Exercise prompt - Each record must come back unchanged in your answer, stripped of its images.

====== Extracted entries ======

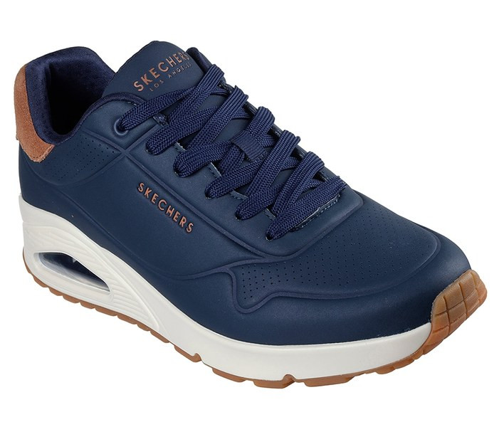 Kék színű Skechers 183004-NVY férfi cipő. Felsőrészének az anyaga: Bőr-szintetikus felsőrész
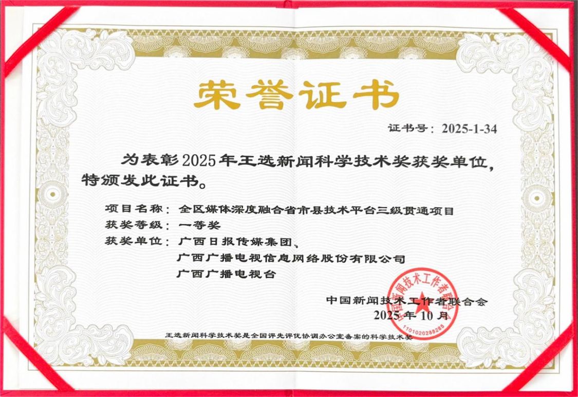2025年10月31日,“王选新闻科学技术奖”颁奖大会在四川成都圆满举办。在自治区党委宣传部的统筹领导下,广西日报社、广西广播电视信息网络股份有限公司、广西广播电视台共同倾力建设的“全区媒体深度融合省市县技术平台三级贯通”项目凭借突出的技术创新与应用价值,成功斩获2025年“王选新闻科学技术奖”(项目奖)一等奖。
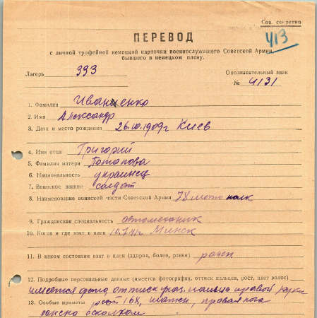 Военнопленные, трофейные карточки. Киевская обл.
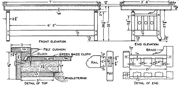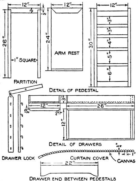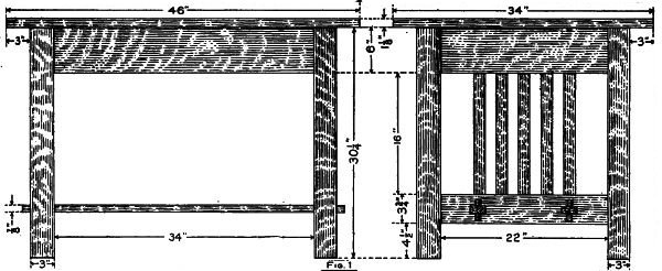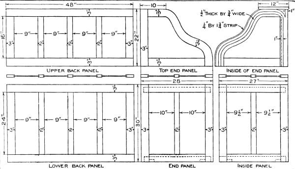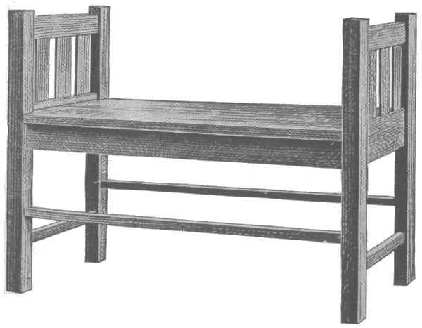 A simple design for a hall or window seat is shown in the accompanying sketch and detail drawing. Anyone who has a few sharp tools, and is at all handy with them, can make this useful and attractive piece of furniture in a few spare hours. [108] Quarter-sawed oak is the best wood to use in its construction, as it looks best when finished and is easy to procure. If the stock is ordered from the mill ready cut to length, squared and sanded, much of the labor will be saved. The following is a list of the material needed:
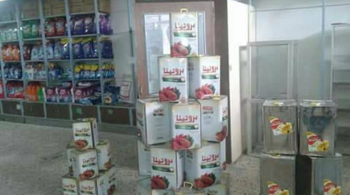 خل تفاح زجاجة 500 مل بسعر 210 ليرة سورية، فول بلدي 1كغ بسعر 450 ليرة سورية. رب البندورة 1350غ بسعر 825 ليرة سورية.).

======

Written response -
 Kék színű Skechers 183004-NVY férfi cipő. Felsőrészének az anyaga: Bőr-szintetikus felsőrész
2025年10月31日,“王选新闻科学技术奖”颁奖大会在四川成都圆满举办。在自治区党委宣传部的统筹领导下,广西日报社、广西广播电视信息网络股份有限公司、广西广播电视台共同倾力建设的“全区媒体深度融合省市县技术平台三级贯通”项目凭借突出的技术创新与应用价值,成功斩获2025年“王选新闻科学技术奖”(项目奖)一等奖。
 Военнопленные, трофейные карточки. Киевская обл.
 A simple design for a hall or window seat is shown in the accompanying sketch and detail drawing. Anyone who has a few sharp tools, and is at all handy with them, can make this useful and attractive piece of furniture in a few spare hours. [108] Quarter-sawed oak is the best wood to use in its construction, as it looks best when finished and is easy to procure. If the stock is ordered from the mill ready cut to length, squared and sanded, much of the labor will be saved. The following is a list of the material needed:
 خل تفاح زجاجة 500 مل بسعر 210 ليرة سورية، فول بلدي 1كغ بسعر 450 ليرة سورية. رب البندورة 1350غ بسعر 825 ليرة سورية.).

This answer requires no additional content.